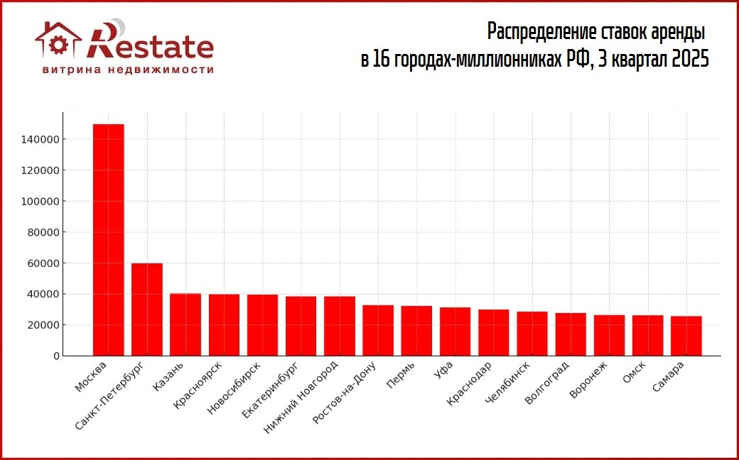 🏦 Аренда дорожает по всей России: в лидерах Москва, Уфа и Нижний Новгород Рынок аренды жилья оживился к осени: по данным «Витрины недвижимости Restate», в III квартале 2025 года ставки выросли в 15 из 16 городов-миллионников. ✔ Исключение — только Санкт-Петербург (–1,6%). Средний прирост по стране — +8,9%. ⬆ Лидеры роста: • Москва — +24,2%, средняя ставка почти 150 000 ₽/мес. • Уфа — +15,8% • Нижний Новгород — +15,0% • Новосибирск — +12,8% • Ростов-на-Дону — +12,1% ⬇ В минусе только Петербург — средняя ставка снизилась до 59,7 тыс. ₽. Самый быстрый рост сейчас на Урале и в Поволжье. Юг — больше про стагнацию. И да, если в Москве аренда ≈150 тыс., то в регионах медиана всё ещё <40 тыс. ₽. 🏦#индексы_restate #аренда
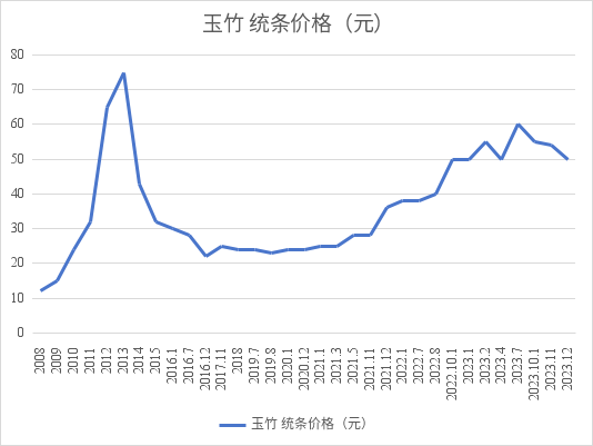 2010年玉竹行情上涨,到2011年4月,湘玉竹价格已上升至45元左右,此价位一直持续到2012年底。
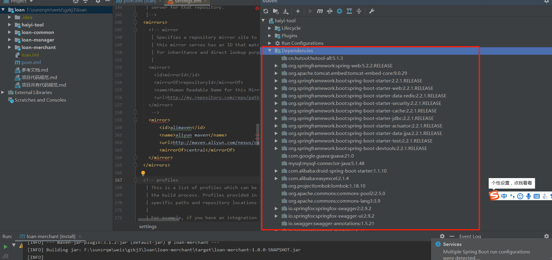 idea里面maven的settings这个标签要注意空格等。 解决这个和其他对应提示问题后运行正常: 来源:CSDN作者:嘟嘟呆呆链接:https://blog.csdn.net/sun_hm/article/details/104345142 标签 仓库
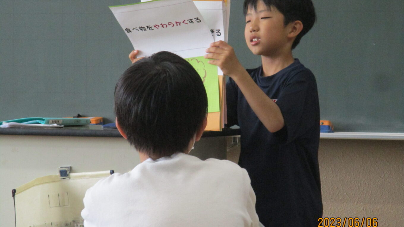 5年生には、H.Sさんが唾液の大切さについて紙芝居で説明してくれました。
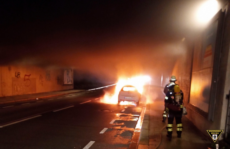 Sonntagnacht ist es in einer Unterführung zu einem PKW Brand gekommen. An dem Fahrzeug entstand Totalschaden. Der Lenker war mit seinem Kraftfahrzeug auf der Hultschiner Straße Richtung Friedrich-Eckart-Straße unterwegs, als er in der Autobahnunterführung Rauch und Brandgeruch aus der Fahrzeuglüftung bemerkte. Er stoppte das Fahrzeug und informierte die Feuerwehr. Die alarmierten Kräfte fanden das Fahrzeug in Vollbrand vor. Mit zwei C-Rohren löschten die Einsatzkräfte von Freiwilliger Feuerwehr und Berufsfeuerwehr den brennenden PKW.
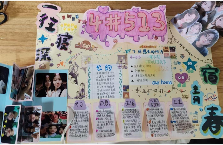 宿舍公约由宿舍全体成员共同商讨并制定,内容覆盖学习、生活、卫生、作息及人际交往等多个维度,并鼓励宿舍成员发挥创意,为公约增添独特的文化内涵,彰显宿舍的个性和精神风貌。学院全体学生积极响应、踊跃参与,认真设计出许多富有独特创意的作品,有的是精心手绘,有的是制作海报,有的是PPT呈现……形式丰富、构思精妙,宿舍成员的共同期望与目标被创意十足地展现在公约之中。经过两轮评议,最终,4#513、4#509、17#416三个宿舍的作品荣获一等奖。
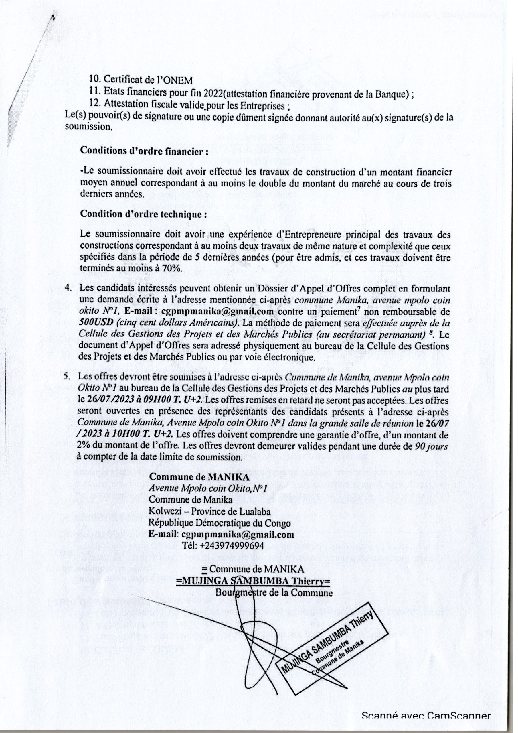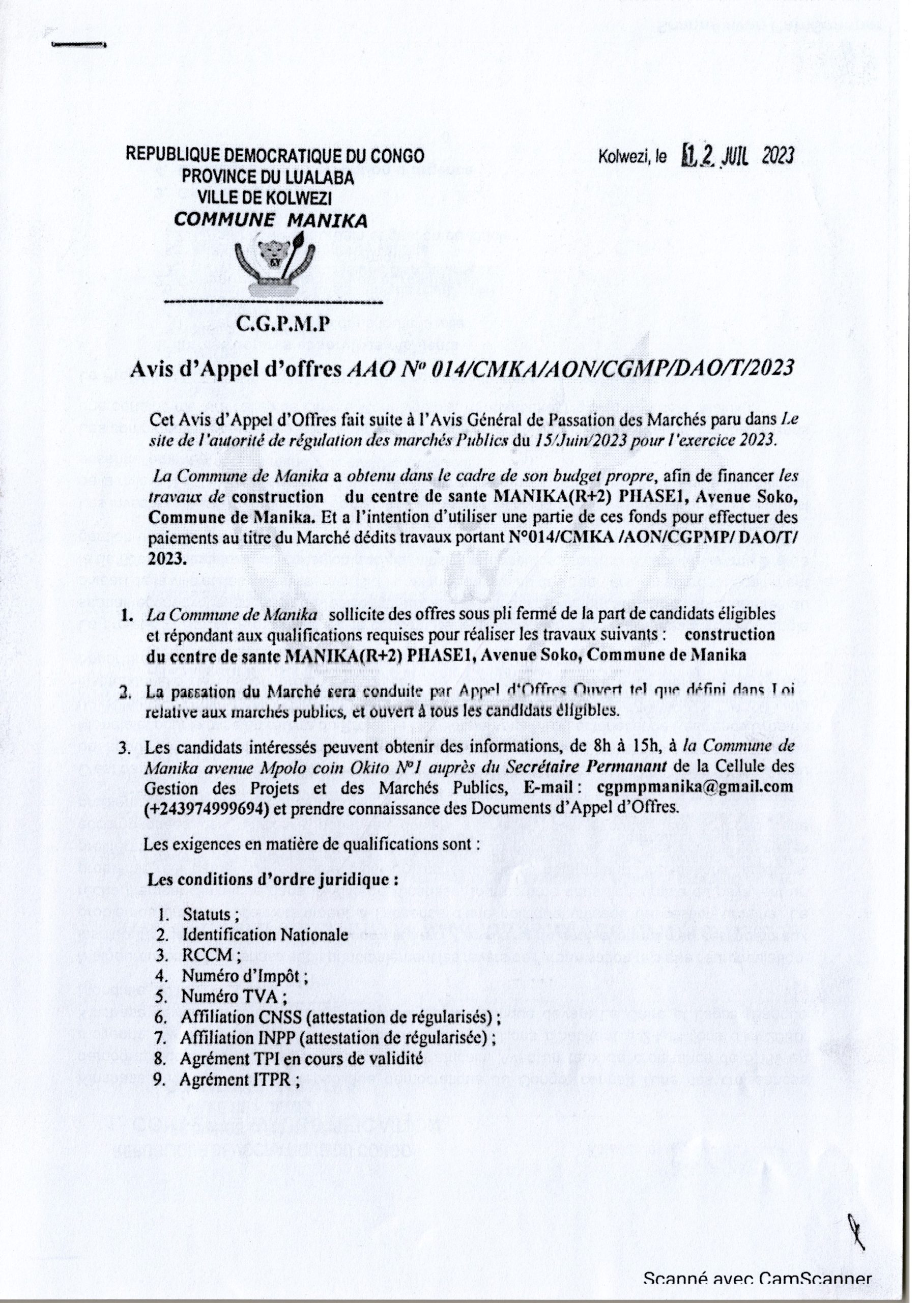 CONSTRUCTION DU CENTRE DE SANTE MANIKA(R+2)PHASE 1,AVENUE SOKO,COMMUNE DE MANIKA.

• • •

WHAT YOU NEED TO DO:
Word for word, give the listing above again, but drop any pictures.

TASK SOLUTION:
 🏦 Аренда дорожает по всей России: в лидерах Москва, Уфа и Нижний Новгород Рынок аренды жилья оживился к осени: по данным «Витрины недвижимости Restate», в III квартале 2025 года ставки выросли в 15 из 16 городов-миллионников. ✔ Исключение — только Санкт-Петербург (–1,6%). Средний прирост по стране — +8,9%. ⬆ Лидеры роста: • Москва — +24,2%, средняя ставка почти 150 000 ₽/мес. • Уфа — +15,8% • Нижний Новгород — +15,0% • Новосибирск — +12,8% • Ростов-на-Дону — +12,1% ⬇ В минусе только Петербург — средняя ставка снизилась до 59,7 тыс. ₽. Самый быстрый рост сейчас на Урале и в Поволжье. Юг — больше про стагнацию. И да, если в Москве аренда ≈150 тыс., то в регионах медиана всё ещё <40 тыс. ₽. 🏦#индексы_restate #аренда
 2010年玉竹行情上涨,到2011年4月,湘玉竹价格已上升至45元左右,此价位一直持续到2012年底。
 idea里面maven的settings这个标签要注意空格等。 解决这个和其他对应提示问题后运行正常: 来源:CSDN作者:嘟嘟呆呆链接:https://blog.csdn.net/sun_hm/article/details/104345142 标签 仓库
 5年生には、H.Sさんが唾液の大切さについて紙芝居で説明してくれました。
 Sonntagnacht ist es in einer Unterführung zu einem PKW Brand gekommen. An dem Fahrzeug entstand Totalschaden. Der Lenker war mit seinem Kraftfahrzeug auf der Hultschiner Straße Richtung Friedrich-Eckart-Straße unterwegs, als er in der Autobahnunterführung Rauch und Brandgeruch aus der Fahrzeuglüftung bemerkte. Er stoppte das Fahrzeug und informierte die Feuerwehr. Die alarmierten Kräfte fanden das Fahrzeug in Vollbrand vor. Mit zwei C-Rohren löschten die Einsatzkräfte von Freiwilliger Feuerwehr und Berufsfeuerwehr den brennenden PKW.
 宿舍公约由宿舍全体成员共同商讨并制定,内容覆盖学习、生活、卫生、作息及人际交往等多个维度,并鼓励宿舍成员发挥创意,为公约增添独特的文化内涵,彰显宿舍的个性和精神风貌。学院全体学生积极响应、踊跃参与,认真设计出许多富有独特创意的作品,有的是精心手绘,有的是制作海报,有的是PPT呈现……形式丰富、构思精妙,宿舍成员的共同期望与目标被创意十足地展现在公约之中。经过两轮评议,最终,4#513、4#509、17#416三个宿舍的作品荣获一等奖。
 CONSTRUCTION DU CENTRE DE SANTE MANIKA(R+2)PHASE 1,AVENUE SOKO,COMMUNE DE MANIKA.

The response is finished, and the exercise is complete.